He’s in the wine bar for a good thirty minutes before he comes out—a paper bag in his hand. He’s whistling, though I can’t hear the tune from my bench across the busy street. I wait until he’s almost to his car before I stand up and follow him. He hits the electronic button to open his car—not the Mustang, I notice, but a shiny, white Mercedes. He puts the paper bag in the backseat, then opens the door to the driver side. That’s when I make my move. I sprint across the street and grab onto the passenger side door, sliding into the car at the same time he does.

“Hey Dad.”

His face blanches. I expect him to leap out of the car, but after giving me a long, hard look, he buckles his seat belt, and the engine purrs to life. It’s raining. The wipers whip water back and forth as he pulls out of his space and onto the road. I feel slightly uneasy. I am at his mercy, and he can do anything he wants with me buckled into his front seat. I won’t give him the upper hand. I relax into my seat and wait for him to speak first. I want him to ask me why I’m here. I had to take five buses to get to the quaint little town he calls home, and I wonder now if he’s paranoid about one of his small town people seeing us together.

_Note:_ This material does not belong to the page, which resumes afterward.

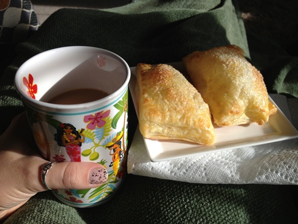 Yes, I did throw a couple on a plate, get a cup of coffee and curl up in a comfy chair in a sunny spot with a blanket and enjoy my breakfast. (Do you love my glitter nail polish?)
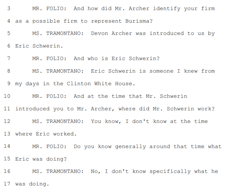 2/ Tramontano was very obtuse in testimony to Senate Judiciary on Schwerin's background, saying she knew him from Clinton WH days and didn't know where he was working at time of introduction to Burisma or even what he was doing. Suspicious obtuseness for a big-time networker.

“Your mother … did you bury her?”

“Cremated,” I say.

He nods.

“Did you give her the Misoprostol?”

He nods again. I clench my fists and stare at the side of his face. It’s a strange thing, looking at your father. Knowing that you’re somewhere in his face—maybe the curve of a cheek, or the dip of a nose—and searching so hard for it that you want to cry, because you’re ashamed and desperate.

“You killed my sister. Why did you let me live?”

“How do you know … how do you know it was a girl?” he asks. He glances at me briefly.

“Because I found her on the floor.”

This seems to make Howard uncomfortable. He wipes a meaty hand across his face, then slams it down on the steering wheel. His gesture reminds me of why I’m here.

“She wanted you,” he says. “I tried to get her to have an abortion, and she wouldn’t do it.”

“She told me my father left…”

“That’s what I wanted her to say,” he says quickly. “We knew each other for a long time. I gave her the job at the firm when she graduated high school. It was different in those days. You could get a job based on competency rather than a degree. She was a very competent woman. Saved my ass a bunch of times when clients went haywire. I used to send her in to talk to them, calm them down.”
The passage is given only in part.